出生と同時に母親が死亡。その後、小さな小屋で父親と10歳まで2人で暮らしていた。父親は農業を営んでおり、エナもそれを手伝っていた。
森の動物を狩ったり自給自足の生活を送っていたある日、盗賊が小屋を襲撃する。森の中で飢えた彼らは、食料を求めて彼女達を襲い、父親を殺した。
その惨劇をすぐ傍で見ていた少女は、逃げるふりをして包丁を持って小屋から出る。そして食料を奪い小屋から出てこようとした盗賊を待ち伏せ、その包丁で盗賊の足を刺した。更に困惑して居る残りの盗賊にも足に斬撃をお見舞いし、食料を取り返した。とゲームには書いてあった。実に細かい設定に、感服したのを覚えている。
その後どうなったかは知らないが、盗賊が飢えていた理由はこの追憶の森で迷ってしまったからでありーーー
(つまり、こいつにとって恨みに近い物がこの森にある、と)
そして、エナ・ヒューゲルを手に入れる為の条件はーーーー
「…なんでここに連れてきたの?…アンタ…」
露骨に嫌そうな顔をするエナに、俺は笑いかける。
目の前にあるのは、2つの墓標。片方には「アンナ・ヒューゲル」もう片方には「ローディ・ヒューゲル」の文字。
そう、彼女の両親の墓だ。
「…俺は、君の過去を知ってる、だから、だからこここに連れてきた」
「………」
黙り込む少女。ここまで全て予定通りだ。
「…お前は、弱い。いや弱かった」
「あんたに…」
少女が小さく呟く。
「そして、両親を助けられなかった」
「あんたに…!」
徐々に力がこもった声に変わり…
「事実だろう?」
「何が分かるってんだよ!!」
そして叫びながら素手で殴りかかってきた。
もしもこれが想定外の事態であれば、軟弱な日本人である俺はなす術もなく殴られる他ない。自分より年下の少女とは言え、後天勇者の素質を持つ彼女の力には全く及ばない。

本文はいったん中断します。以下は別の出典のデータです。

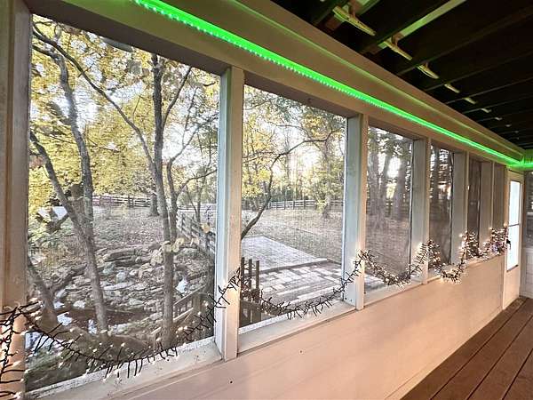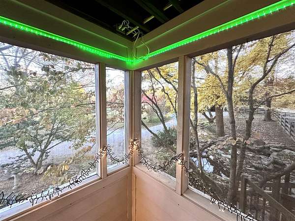- Backyard Fence, Brick Walks, Covered Front Porch, Covered Patio, Enclosed Patio, Enclosed Porch, Fence, Fenced Yard, Gas Grill, Landscaping, Mature Trees, Plank Fence, Pond(s), Screened Porch, Storage Building, Storage Shed, Trees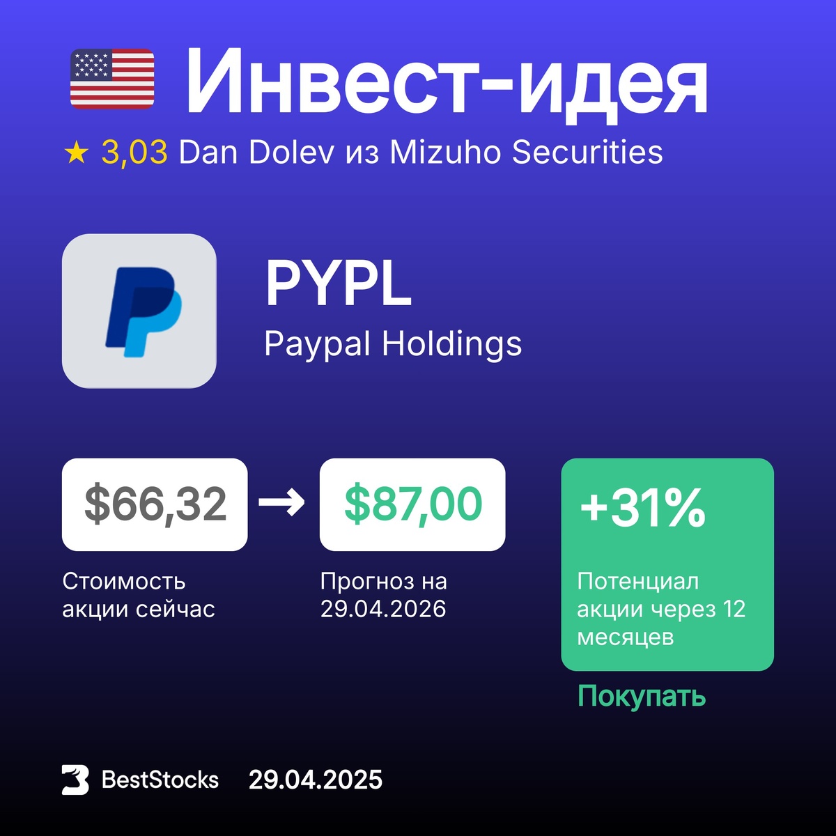 🇺🇸 Инвест-идея по акции Paypal Holdings Тикер: PYPL Прогнозная цена: $87 (+31%) Рекомендация: Покупать InvestRank акции: 5 из 10 Прогноз сделан: 29.04.2025 Прогноз до: 29.04.2026 Инвест-компания: Mizuho Securities Аналитик: Dan Dolev Ещё рекомендации на сегодня → ••••• 🏆 Сделали для вас список топ-25 лучших аналитиков в России и во всём мире. По каждому подробная информация: показатели доходности, успешность прогнозов и история рекомендаций по каждой акции. Уникальный инструмент, доступный на русском языке.
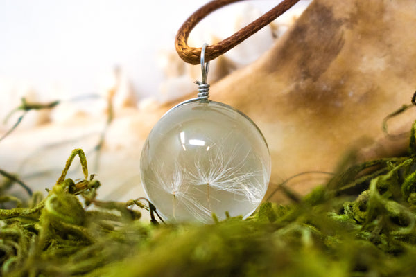 This clear epoxy resin necklace contains a real dried dandelion seed suspended inside, traditionally associated with wishes, intention setting, and quiet hope. The seed is preserved in crystal clear resin, creating a lightweight and durable piece meant for everyday wear.

だが、それで負けてしまってはこのイベントは失敗だろう。
ーーーーーそう、この少女を味方にする条件は、恐らく彼女と勝負し、その状態で相手を説得する事にある。
ゲームでのこの少女は、主人公が話しかけるといきなり切り掛かってくるのだが、流石に現実ではまだ丸くなって居る様だ。そして、戦闘中に彼女に対して説得を行い、成功して晴れて仲間となる…という事だ。
だが、このシナリオ通りに進むと不味い事がある。
自分の身体能力ではーーーゲームならまだしもこの世界ではーーー彼女に一矢報いる事すら不可能なのだ。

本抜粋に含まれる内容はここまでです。